For pupils who prefer practical, hands-on clubs, there are options such as Bicycle Repair Club and Vend-a-Spend, a pupil-run school shop selling stationery and other items, as well as Chess Club, Art Club, and subject clubs including maths and science.
Sport is described in terms of participation opportunities across breakfast, lunchtime, and after school, with specialist coaching in areas such as cricket, dance, and trampolining, plus competition entry within Bolton and beyond.
This is a state school with no tuition fees.
The published school day runs from morning registration at 8.35am to a 3:05pm finish, equating to 32 hours and 5 minutes per week.
For travel, the school highlights nearby Bee Network services 501 and 521, as well as school day only services including 938 to 943 that cover areas such as Little Lever, Moses Gate, Stoneclough, Kearsley, Westhoughton, and Atherton. Families should still trial the journey at peak time, since reliability can shift across the year.
Faith-informed admissions. The supplementary form is not a minor detail for September 2026 entry, it is part of how the school applies oversubscription criteria, and it has a stated return deadline of 03 November 2025.
No sixth form on site. Students will make a post-16 move, which can be positive for choice, but it does mean planning early for courses, travel, and support.
Progress is slightly below average. A Progress 8 score of -0.07 suggests outcomes are close to, but a little below, the England benchmark for similar starting points. Families should look for evidence that teaching consistency is strong across subjects, not just in pockets.
Open events are not consistently dated on the main calendar. The admissions pages cover the mechanics, but parents may need to check for updated open event details rather than relying on a single published date.

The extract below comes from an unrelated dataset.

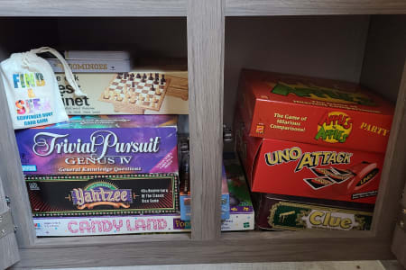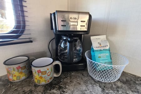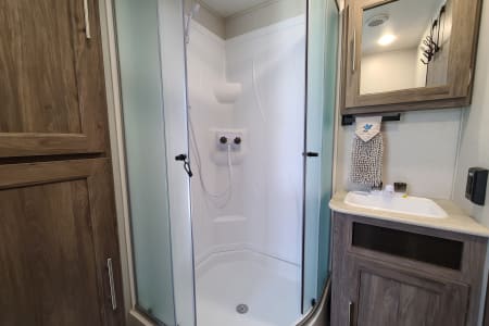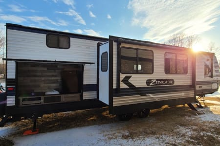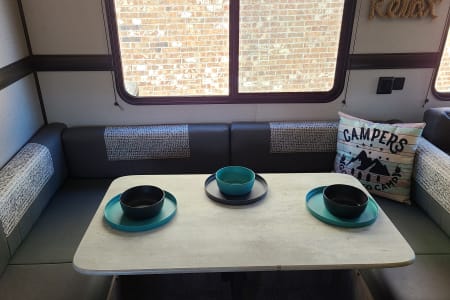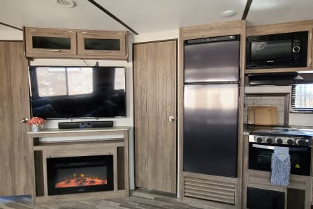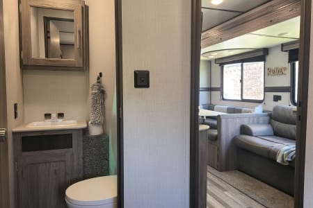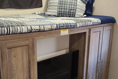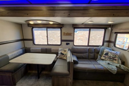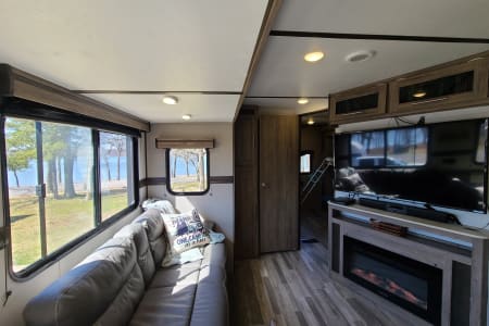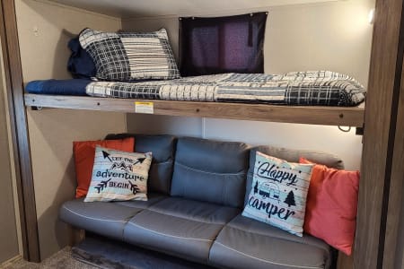 Meet Annie! Annie is an extension of our family and designed for comfort when she travels. Annie is perfect for your family vacation and comfortably sleeps 5-7 with a Master bedroom (Queen Bed with 8 inch gel mattress and pillow top) and a large bunk room. The bunk room gives your kids (or family #2) their own private space with two bunks, a large sofa that will pull into a bed, television, DVD player...and wait for it...it's own half bath! The living area consists of a love seat (will fold out to a small bed), 49" television, DVD, fireplace, stereo, U-shaped dinette, and fully equipped kitchen. Our kiddos also love to share their favorite board games with your family and we always have crossword and puzzle books on hand to enjoy with your morning coffee along with a collection of movies for those rainy afternoons.

St James’s is best understood as a values-led 11 to 16 school: clear routines, visible faith life, and a strong emphasis on behaviour, personal development, and service. The academic picture is broadly typical for England on headline positioning, with slightly below-average progress, so fit matters. This school suits families who want a Church of England setting where worship and chaplaincy are integral, and who value structured expectations alongside a broad set of clubs, ensembles, and practical opportunities.
The most recent overall inspection outcome is Good, with Behaviour and attitudes and Personal development graded Outstanding, alongside Outstanding leadership and management. In the FindMySchool GCSE ranking based on official data, the school sits in line with the middle 35% of schools in England (25th to 60th percentile), ranked 1,814th in England and 11th in Bolton.
There are no tuition fees because this is a state school. Families should still budget for standard secondary costs such as uniform, optional trips, and any paid extracurricular activities.
Bolton’s online application window runs from 01 September 2025 to 31 October 2025, with offers issued on 02 March 2026. St James’s also expects applicants to complete its supplementary form if applying under its Church of England oversubscription criteria, and the published return deadline for September 2026 entry is 03 November 2025.
The school’s Attainment 8 score is 47.9. Progress 8 is -0.07, indicating progress that is slightly below the England average for pupils with similar starting points. The EBacc average point score is 4.17, and 15.3% of pupils achieved grades 5 or above in the EBacc measure.
Daily collective worship is presented as a valued and integral routine, supported by chaplaincy activity. The chaplaincy is also positioned as inclusive for students of different backgrounds and beliefs, and service is framed through ongoing charity partnerships at local, national, and global levels.